Ludwigsburg: Mit der geplanten Stadtbahn soll auch das P+R-Angebot ausgeweitet werden. Die zusätzlichen 400 Plätze, die Ludwigsburg laut Entwurfsplanung über die geplante Mobilitätsdrehscheibe im Westen der Stadt einbringen wolle, lägen aber auf Eis. Das Projekt sei aber an die Realisierung der Stadtbahn gekoppelt. „Wegen der hohen finanziellen Belastung durch den kommunalen Anteil für die Stadt Ludwigsburg wird das Projekt derzeit nicht weiterverfolgt“, so Wurmthaler.

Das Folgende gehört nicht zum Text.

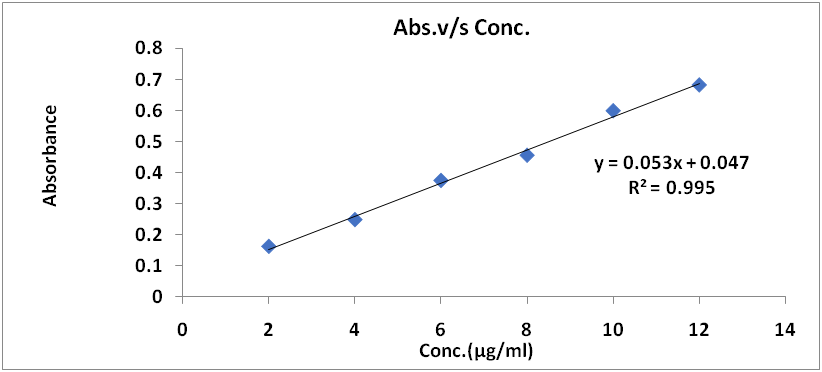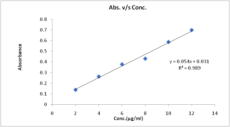 The calibration curve of Rosuvastatin Calcium was found to be linear at 241 nm in phosphate buffer (pH6.8) in the concentration range of 2-12(µg/ml), which obeys Lambert-Beer Law. The absorbance at different concentrations is represented in fig. respectively.

Favoritepark: In unmittelbarer Nähe zur S-Bahn-Haltestelle Favoritepark gibt es rund 300 Pkw-Stellplätze. Auf der östlichen Seite der Gleise sind etwa 50 Stellplätze als P+R-Anlage der Stadt Ludwigsburg ausgewiesen. Östlich der Gleise ist ein landeseigener öffentlicher Parkplatz mit 250 Stellplätzen. Hinzu kommen Parkplätze vor der Hochschule und am Straßenrand. Der zuständige Landesbetrieb Vermögen und Bau Baden-Württemberg teilte der Geschäftsstelle mit, es sei geplant, die landeseigenen Stellplätze ab 2024 durch die Parkraumbewirtschaftung Baden-Württemberg zu bewirtschaften. Zum jetzigen Zeitpunkt steht noch nicht fest, ob eine Beschränkung auf bestimmte Nutzergruppen stattfinden wird und wie hoch die Parkgebühren sein werden, heißt es in der Vorlage. Der VRS habe aber Interesse daran, Plätze für S-Bahn-Pendler einzurichten.

Marbach: In der Schillerstadt verzögert sich der Abschluss der Kooperationsvereinbarung über 62 Stellplätze, da die Konzeption über die Umgestaltung des Bahnhofsvorplatzes aussteht.

Die Region Stuttgart will den Service für Umsteiger weiter verbessern. So ist geplant, die Verfügbarkeit von Stellplätzen etwa gängigen Navigationssystemen zur Verfügung zu stellen – in Echtzeit. Ein entsprechender Pilotversuch läuft gerade in Bondorf. Darüber hinaus soll das P+R-Angebot am Stuttgarter Flughafen ausgebaut werden. 250 Stellplätze mit einer Monatsmiete von 35 Euro für die Nutzer sind geplant.